Reviewed by DAVID VINEYARD:         


BECAUSE OF THE CATS. Fons Rademakers Production Amsterdam, 1973. International Coproductions, US, 1974 (dubbed). Bryan Marshall, Alexandra Stewart, Edward Judd, Anthony Allen, Sylvia Kristel, George Baker. Screenplay: Hugo Claus, based on the novel by Nicholas Freeling. Directed by Fons Rademaker.

   If I ever knew this film existed I had forgotten it until I found it on YouTube.

   By any standards this is an odd film. On one hand it is virtually hard core with graphic scenes of male and female full frontal nudity, brutal rape, and one really strange murder; on the other it is a well done and faithful adaptation of the second novel in Nicholas Freeling’s Inspector Piet Van der Valk series.

   I can honestly say I’ve seen nothing like it.
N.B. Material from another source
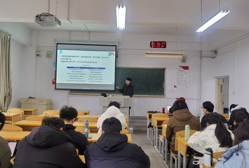 本网讯 为充分发挥优秀教师的示范引领作用,搭建教师间教学经验交流平台,进一步提升教师课堂教学能力,3月3日,生物与食品工程学院在4教301教室组织开展了“金”彩一课示范教学观摩活动,由郑立友老师讲授《食品分析》示范课程,各学院10余名中青年教师参加观摩。
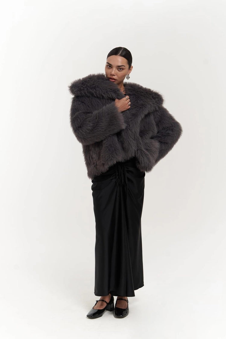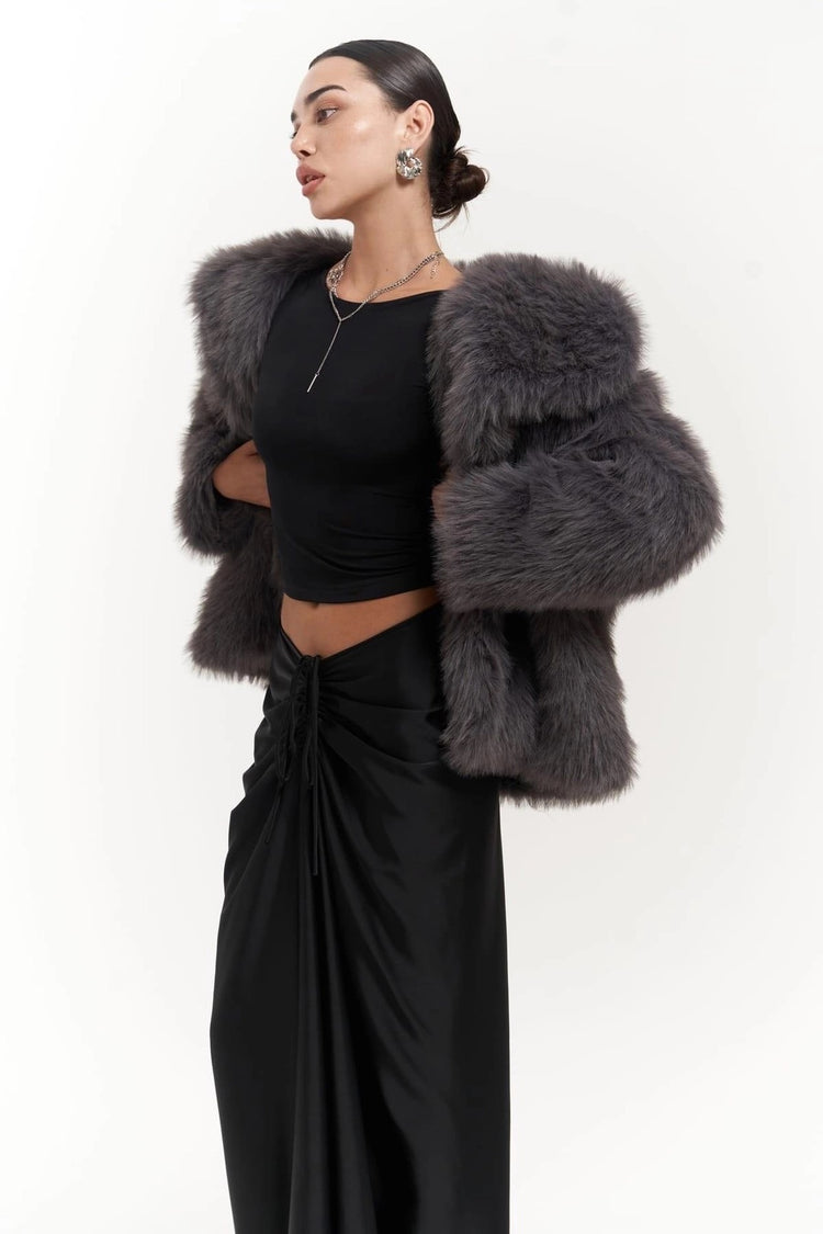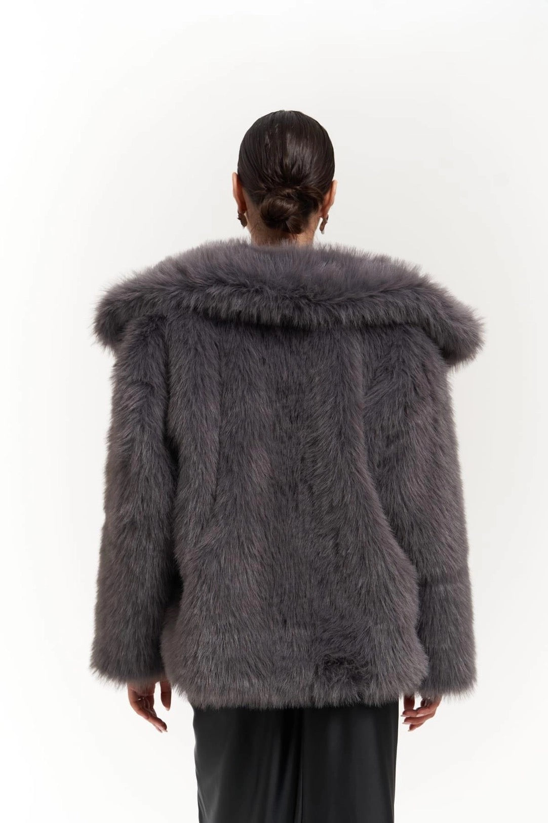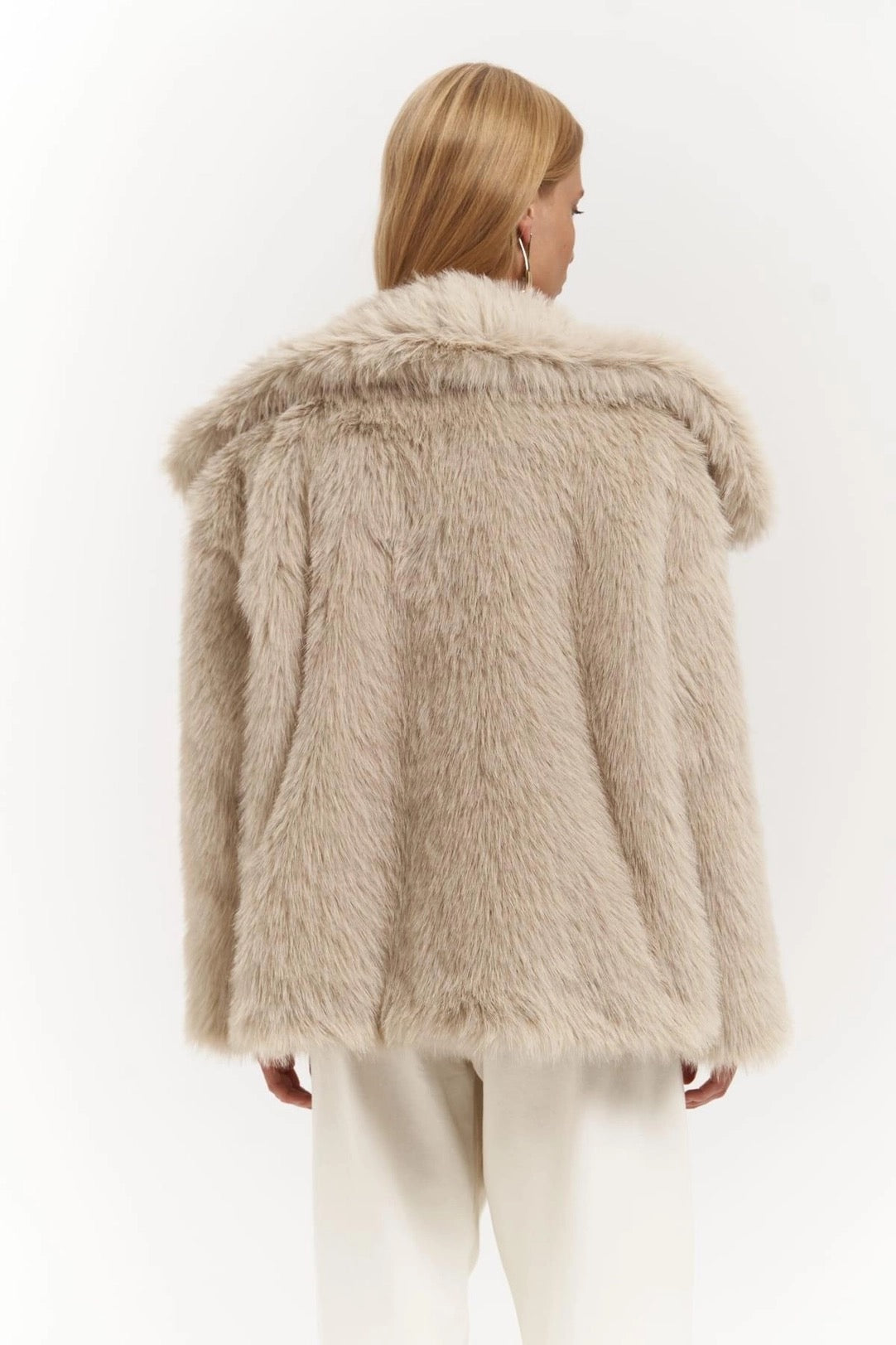 - This cozy fur jacket is crafted from 100% polyester, with a fluffy, textured fabric for added warmth and style.

   I’ll go farther in that I don’t think anything really like it came along until the 1990s and Basic Instinct.

   A group of well to do bored youths have formed a club and a sadistic, sociopathic, and hypnotic nilhist has turned them from a group of juvenile delinquents into a Manson like cult. When they break into the home of a well do to middle age couple (shades of A Clockwork Orange, which is nowhere near as graphic or disturbing) they smash the home up and when the couple surprise them, force the husband (and us — in flashback as the wife tells what happened to Van der Valk —Bryan Marshall) to watch her being gang-raped.

   This is an extremely violent rape scene, more like something you might expect in one of Jess Franco’s later films than a detective story. The exploitative and voyeuristic aspects of the crime are blatant and it is obvious the director is having it both ways, both a depiction of a brutal crime and an uncomfortable glimpse at our own voyeuristic impulses collectively and individually. Those of you familiar with Italian giallo films of this era may be surprised how far beyond that this goes. I’m not sure I have seen anything like it in a mainstream film of this era, even some with a reputation for shock.

   Van der Valk is called in and begins to investigate doggedly. You might expect the sex aspect to take a back seat then, but during the investigation Van der Valk meets a woman from his past (Alexandra Stewart) and they have graphic full frontal nudity sex albeit as a key element of the plot. Much as he is in the novels, Van der Valk is portrayed warts and all.

   Later, one of the girls caught up in the plot, Sylvia Kristel, recounts another graphic murder of a young man replete with full nudity, sex, and a truly disturbing scene when all the girls, all nude, drown him while he is making love to Kristel. Prior to that a ritual held by the cult with a dead cat is truly uncomfortable to watch.

   Eventually Van der Valk tracks down the hypnotic sociopath behind it all Eric Mierle (Anthony Allen), is nearly killed by him, and when his old flame kills Mierle saving him, Van der Valk stages it to look like he did the shooting in the true high-handed tradition of great detectives everywhere.

   This is actually a good seventies detective film with Marshall well cast as Van der Valk (played by Barry Foster on television), and somewhat mindful of Freeling’s description in the book — albeit better looking. Almost everything from the book is here and accurate including Van der Valk’s French wife, Arlette, though she plays no real role other than someone to cheat on.

   Even the graphic sexual content is true to the novel, though in the book it is revealed in Van der Valk’s Maigret-like interviews with victims and suspects. Presenting it this graphically in flashback rather than dialogue changes more than you might expect, and I’m not sure if the salacious and voyeuristic feel of the film is accidental because of that or deliberate.

   Filmed in the flat seventies style matter-of-factly, though stylishly, with the rich colors of the era predominant in clothes and backgrounds (during the night swim drowning scene the water is startlingly blue and clear the nubile bodies a stark contrast to the horror of their crime), and a few psychedelic touch, it’s very much of its era, yet much more blatantly sexual than even many films meant to shock audiences in that era.

   It’s almost as if they had taken one of those German, French, or Italian soft porn films of the era that used to show up late on Showtime and injected an actual detective story into it. It’s a bit wrenching if you don’t know what’s coming as if they didn’t want the audience to know quite how to react to it. It must have been truly uncomfortable to watch in a theater. I mentioned Franco, but it could also have been made by Jean Rollin, Tinto Brass, or other of the era’s more exploitative directors.

   This is a well made and well told adaptation of Freeling’s novel, and it captures some of the qualities of his work and aspects of the novel I would have thought couldn’t be filmed. Marshall has a great face that certainly reflects his odd moments of reflection, anger, disgust, and pity. Still it is one of those films that always seems to be on the verge of saying something important and never quite gets it out.

   But if nudity, graphic brutal sex, and feigned rape disturb you skip this one.